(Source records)
※ ※ ※

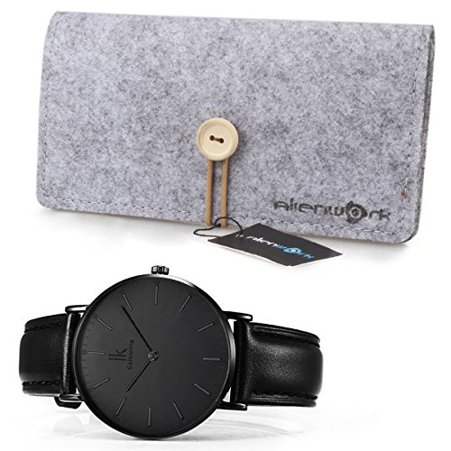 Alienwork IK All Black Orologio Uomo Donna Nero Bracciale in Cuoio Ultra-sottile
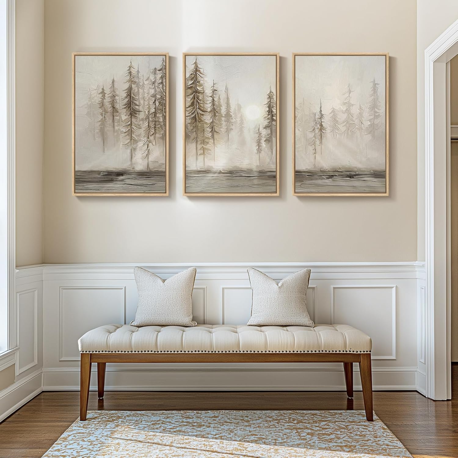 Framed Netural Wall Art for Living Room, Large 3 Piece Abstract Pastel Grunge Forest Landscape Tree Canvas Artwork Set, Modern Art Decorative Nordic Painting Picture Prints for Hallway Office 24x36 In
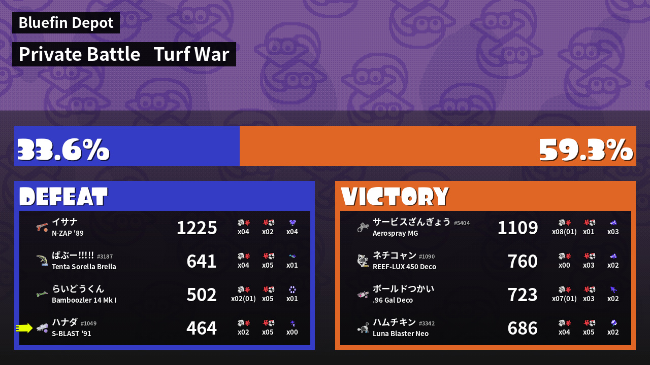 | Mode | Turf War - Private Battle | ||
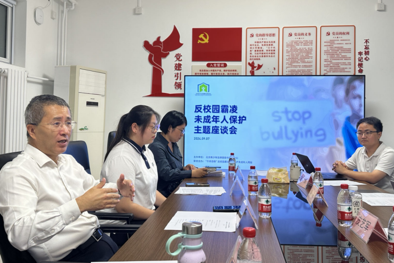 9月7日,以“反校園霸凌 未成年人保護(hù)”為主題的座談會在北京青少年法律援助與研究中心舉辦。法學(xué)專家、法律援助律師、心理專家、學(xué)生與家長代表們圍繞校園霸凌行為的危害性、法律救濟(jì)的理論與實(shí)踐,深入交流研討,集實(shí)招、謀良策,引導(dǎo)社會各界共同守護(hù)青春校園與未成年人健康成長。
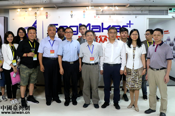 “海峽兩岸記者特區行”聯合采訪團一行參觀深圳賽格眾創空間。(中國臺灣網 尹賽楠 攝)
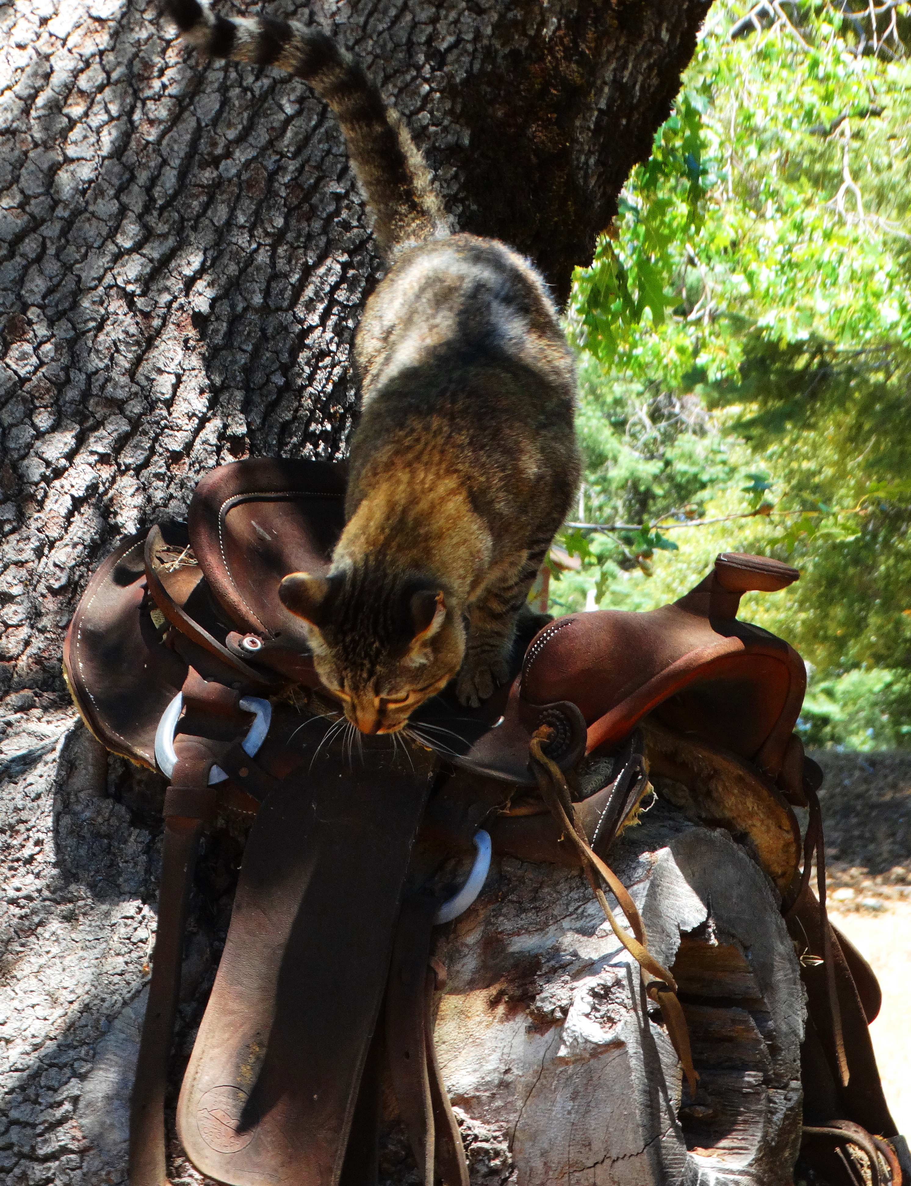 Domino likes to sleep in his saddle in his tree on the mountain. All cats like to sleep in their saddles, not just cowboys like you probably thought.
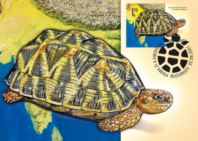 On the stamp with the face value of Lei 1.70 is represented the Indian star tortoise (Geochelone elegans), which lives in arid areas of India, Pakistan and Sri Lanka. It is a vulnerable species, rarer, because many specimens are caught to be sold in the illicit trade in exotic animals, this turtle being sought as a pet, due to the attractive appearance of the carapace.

※ ※ ※

- _Work required_
Pictures should be left out when the records above are restated exactly.

- _Answer space_
 Alienwork IK All Black Orologio Uomo Donna Nero Bracciale in Cuoio Ultra-sottile
 Framed Netural Wall Art for Living Room, Large 3 Piece Abstract Pastel Grunge Forest Landscape Tree Canvas Artwork Set, Modern Art Decorative Nordic Painting Picture Prints for Hallway Office 24x36 In
 | Mode | Turf War - Private Battle | ||
 9月7日,以“反校園霸凌 未成年人保護(hù)”為主題的座談會在北京青少年法律援助與研究中心舉辦。法學(xué)專家、法律援助律師、心理專家、學(xué)生與家長代表們圍繞校園霸凌行為的危害性、法律救濟(jì)的理論與實(shí)踐,深入交流研討,集實(shí)招、謀良策,引導(dǎo)社會各界共同守護(hù)青春校園與未成年人健康成長。
 “海峽兩岸記者特區行”聯合采訪團一行參觀深圳賽格眾創空間。(中國臺灣網 尹賽楠 攝)
 Domino likes to sleep in his saddle in his tree on the mountain. All cats like to sleep in their saddles, not just cowboys like you probably thought.
 On the stamp with the face value of Lei 1.70 is represented the Indian star tortoise (Geochelone elegans), which lives in arid areas of India, Pakistan and Sri Lanka. It is a vulnerable species, rarer, because many specimens are caught to be sold in the illicit trade in exotic animals, this turtle being sought as a pet, due to the attractive appearance of the carapace.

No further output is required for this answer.